Tiktok Australia has almost doubled its profits, and tripled its revenue during a massive twelve-month growth period in the country.
However, the company’s fortunes are set to be challenged as it faces the looming ban for under-16s and potentially falls within an an expanded news bargaining incentive that may force it to pay news companies.
According to ASIC filings, TikTok Australia made $679 million in the year to December 31, compared to $375.2 million in 2023.
$474.3 million of this came directly from advertisers, with the remainder simply filed under “services”.

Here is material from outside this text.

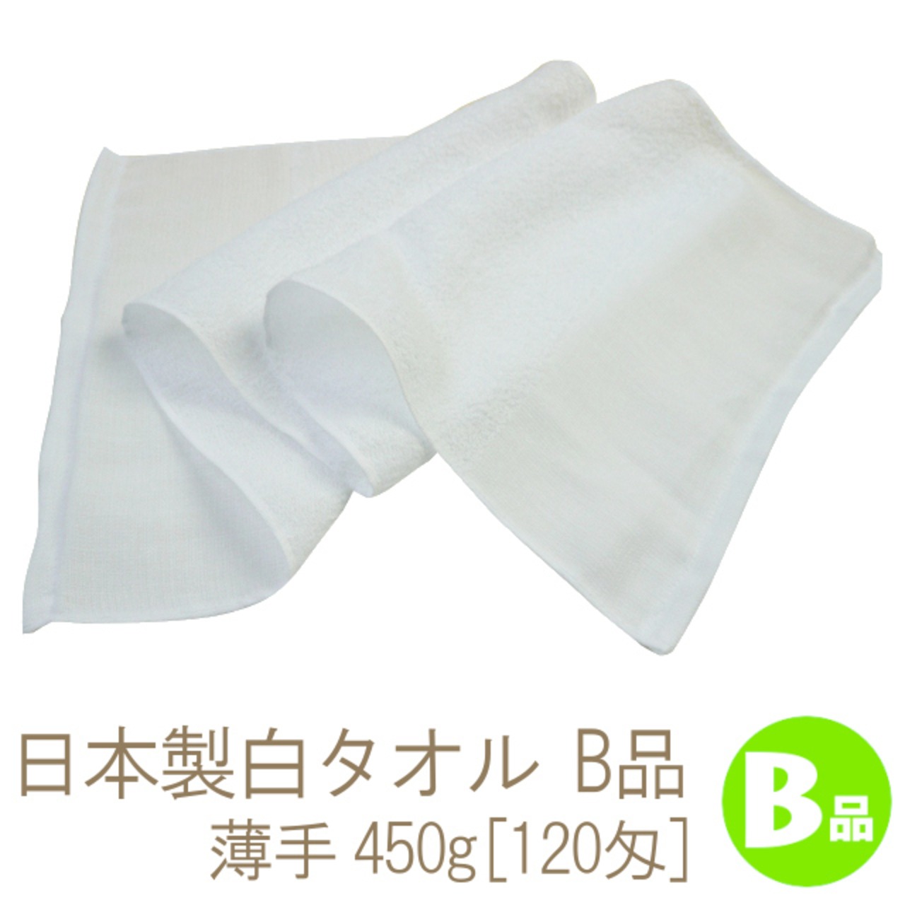 【訳ありB品】薄くて軽い日本製白タオル(450g[120匁]) B品 TK206-b

The company made $31.2 million in profits, a huge leap from the $11.4 million it cleared in 2023. It’s biggest local expenditure was online advertising spend, for which the company paid $341.7 million. Tiktok paid $11.1 million in income tax in Australia.
There are challenges ahead.
The Albanese government has introduced legislation that will ban Tiktok and various other social media services to all users under 16. The law is set to take effect in December.
The company has vocally opposed the ban, especially the expected exemption to be given to Youtube, which Tiktok called “illogical, anti-competitive, and short-sighted”, and likened to banning all soft drinks to minors aside from Coca-Cola.
It said the government favouring Youtube over similar video services is “irrational and indefensible”, and argues “the Government has begun its analysis from the starting position that YouTube must be exempt and then attempted, half-heartedly, to reverse-engineer defensible supporting evidence.”
In addition, Tiktok may fall under the planned news bargaining incentive — an extension of the News Media Bargaining Code — that forces large digital platforms to do deals with news providers or face a levy. The incentive, which has not yet been legislated, applies to “significant social media or search services” that “exceed an annual threshold of $250 million gross revenue attributable to Australian markets.”
Tiktok, as its ASIC filings show, now ticks both these boxes.
It’s YouTube* and TikTok*
Thanks for your comment. Mumbrella house style has recently been changed – we now remove mid-sentence capitalisations and special characters except where removing them would make it more difficult to recognise the name. That is not the case with Youtube or Tiktok.